Singapore-based crypto lending and trading platform Vauld is trying to obtain a moratorium against its creditors, which would give it more time to restructure its business, The Wall Street Journal reported on 20 July.

According to the publication, the troubled company filed the paperwork for a moratorium order on 8 July, only days after it had paused all deposits, withdrawals, and trading on its platform. On 11 July, the company informed its users that it had decided to seek a moratorium order as “it would be in the best interest of all stakeholders (including creditors)”. The company wrote at the time:

“The management has decided that, in light of the current circumstances, it would be in the best interests of all stakeholders (including creditors) to file the Application for a moratorium order in favor of Defi Payments. This is so as to give Defi Payments and the Vauld management the breathing space it requires to prepare for the intended restructuring for the benefit of all stakeholders.”

A moratorium order in Singapore is similar to Chapter 11 bankruptcy in the U.S. as it helps companies avoid liquidation proceedings and continue their operations, as well as give them more time to develop a proper restructuring plan.

Founded in 2018, Vauld is a Singapore-based crypto lending and trading platform that has attracted the attention of investors such as Peter Thiel, Pantera Capital, Coinbase Ventures, and others. On 4 July the company informed its customers that it was “facing financial challenges” — with users having tried to withdraw an “excess of a $197.7 million since 12 June” — and that it will be pausing “all withdrawals, trading and deposits” on its platform until further notice.
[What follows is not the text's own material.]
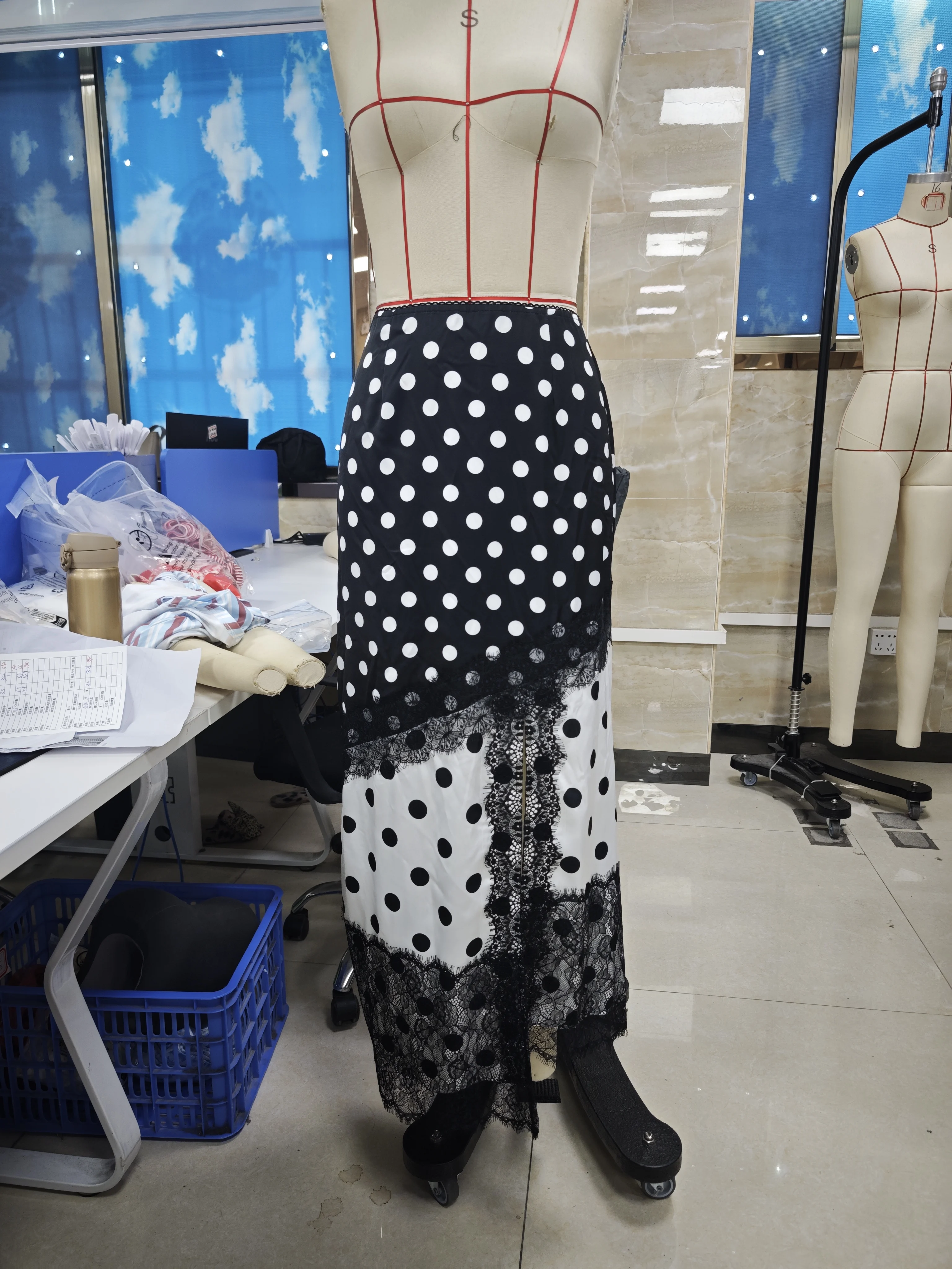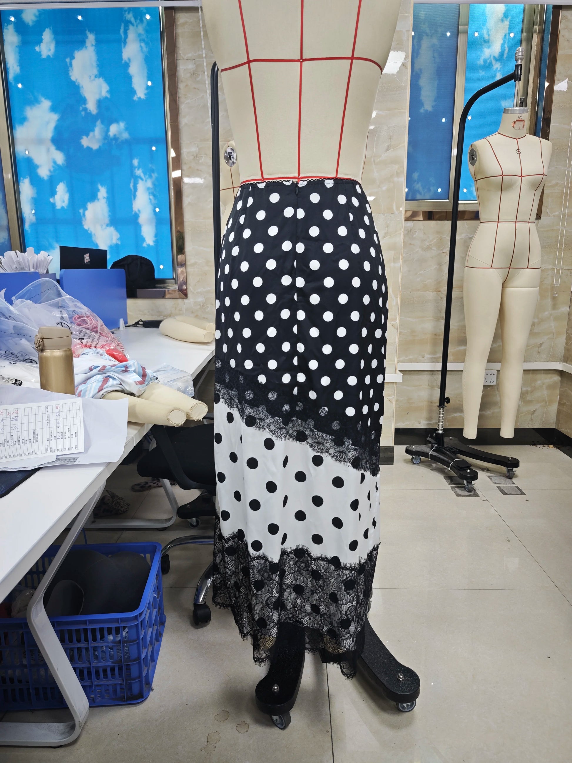 Women's Summer Elegant High Waist Long Satin Silk Skirt Dot Print Lace Trim Patchwork Contrast Color Side Split Skirt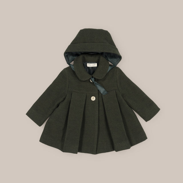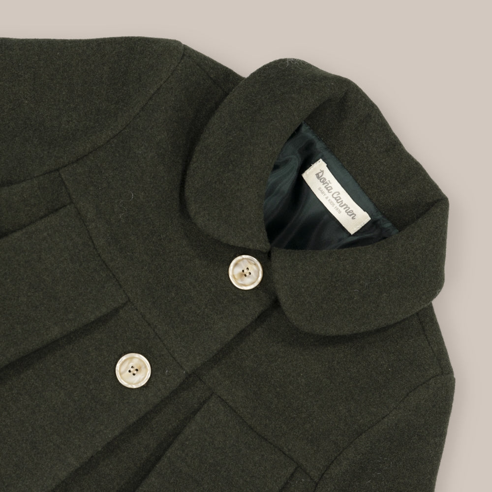 Este abrigo de paño infantil es una prenda elegante y clásica para las más pequeñas. Su diseño combina la calidez del paño con la elegancia de éste tejido, lo que lo hace perfecto para ocasiones especiales o para lucir con estilo en días más frescos.

An affidavit filed by Vauld co-founder and CEO Darshan Bathija on 8 July revealed that the crypto-based company owed its creditors more than $400 million, with 90% of that debt coming from individual retain investor deposits. A day after it paused its services Vauld entered acquisition talks with Nexo, which at the end of June started working with banking giant Citigroup to consolidate crypto lenders that had been affected by the crypto market downturn.